The top surface (12) may further comprise at least one second drainage channel (30) that runs from the top section of the tile (10) to the bottom section of the tile (10). FIG. 3 shows that there are two second drainage channels (30) arranged parallel to one another and that extend from the top section of the tile (10) to the bottom part of the tile (10). The second drainage channel is defined by a pair of parallel drainage channel walls (32, 34) that project upwardly and substantially perpendicular to the top surface (12). In use, both the first drainage channel (22) and second drainage channels (30) are positioned beneath adjacent roof tiles and act to collect and guide any water that passes between the joints of the tile (10) with adjacent roof tiles.

The top surface (12) may further comprise at least one mounting hole (36) that passes through the tile (10) from the top surface (12) to the bottom surface (14) to receive a mounting shaft (described below) of a mounting clip (100). An interface between one or more mounting clips (100) and the tile (10) may facilitate the mounting of a peripheral artifact, i.e., a solar panel, to the tile (10).

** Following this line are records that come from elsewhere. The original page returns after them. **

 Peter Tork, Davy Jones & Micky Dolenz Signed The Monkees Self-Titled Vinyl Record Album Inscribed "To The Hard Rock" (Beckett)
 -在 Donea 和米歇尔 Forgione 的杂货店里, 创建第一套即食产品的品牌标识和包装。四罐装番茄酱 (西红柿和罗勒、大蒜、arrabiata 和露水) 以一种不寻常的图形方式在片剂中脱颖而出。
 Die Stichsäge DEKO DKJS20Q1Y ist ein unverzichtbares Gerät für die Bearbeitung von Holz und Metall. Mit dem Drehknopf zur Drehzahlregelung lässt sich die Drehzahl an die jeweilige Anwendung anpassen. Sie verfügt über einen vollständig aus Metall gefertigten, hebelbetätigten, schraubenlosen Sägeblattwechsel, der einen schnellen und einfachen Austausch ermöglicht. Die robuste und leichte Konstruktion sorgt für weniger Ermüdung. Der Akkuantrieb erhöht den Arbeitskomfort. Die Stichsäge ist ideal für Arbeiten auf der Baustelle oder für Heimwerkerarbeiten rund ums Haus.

While the present disclosure focuses on the mounting of solar panels to tiles (10), the present invention is equally applicable to other peripherals that can be mounted to tiles (10), for examples, lighting, signage and security devices.

Tiles (10) according to embodiments of the invention are intended to be screwed to a roof deck or building envelope frame. To minimise the number of screws required while still providing an adequate fixing to the roof deck, each roof tile comprises in an upper right corner a fixing hole (38) configured to receive a screw. The opposite upper corner of the roof tile comprises a fixing screw alignment guide (40) through which the fixing screw is inserted to ensure concentric alignment between the fixing hole (38) and fixing screw alignment guide (40). This way, only a single screw is required to fix a pair of adjacent and overlapping tiles (10) to the roof deck.

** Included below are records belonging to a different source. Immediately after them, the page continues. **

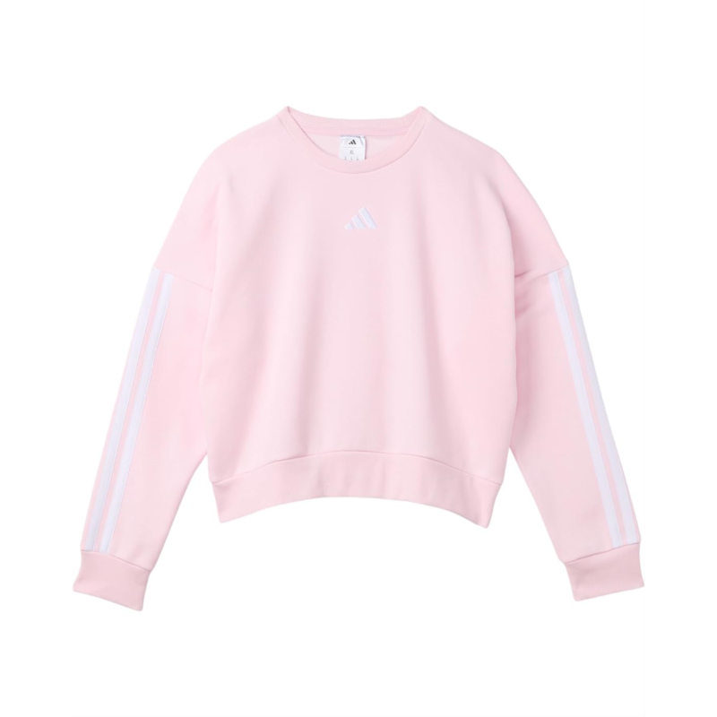 - The adidas Kids 3-Stripes Crew Neck Heather Fleece Pullover blends iconic look. The heathered finish adds a soft, textured touch to this versatile piece.
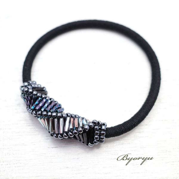 ビーズステッチ ロシアンスパイラルのヘアゴム レアカラー メタリックパープル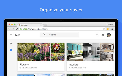 ในส่วนขยาย ‘Save to Google’ จะมีปุ่มสีเหลืองๆให้คลิก โดยจะคลิกบนหน้าเว็บไซต์ที่เราจะบันทึก โดยเราจะสามารถเลือกรูป Thumbnail ได้จากป็อปอัพที่ขึ้นมาและยังสามารถเพิ่มแท็กได้จากป็อปอัพเช่นกัน โดยทั้งหมดที่บันทึกไว้จะไปอยู่ใน “My Saves”

The bottom surface (14) of the tile (10) is illustrated in FIG. 2. The bottom surface (14) comprises a support rib structure (42) consisting of horizontal, vertical, and diagonal ribs that are configured to provide stiffness and resistance from bending, warping, torquing, and sinking of the tile (10) when under load. The bottom surface (14) also comprises a rear wall that projects substantially perpendicularly from the bottom surface (14). Furthermore, the bottom surface (14) comprises mounting shafts (44) associated with each mounting hole (36). Each mounting shaft comprises four detents (43) spaced substantially equally around a circumference of the mounting shaft.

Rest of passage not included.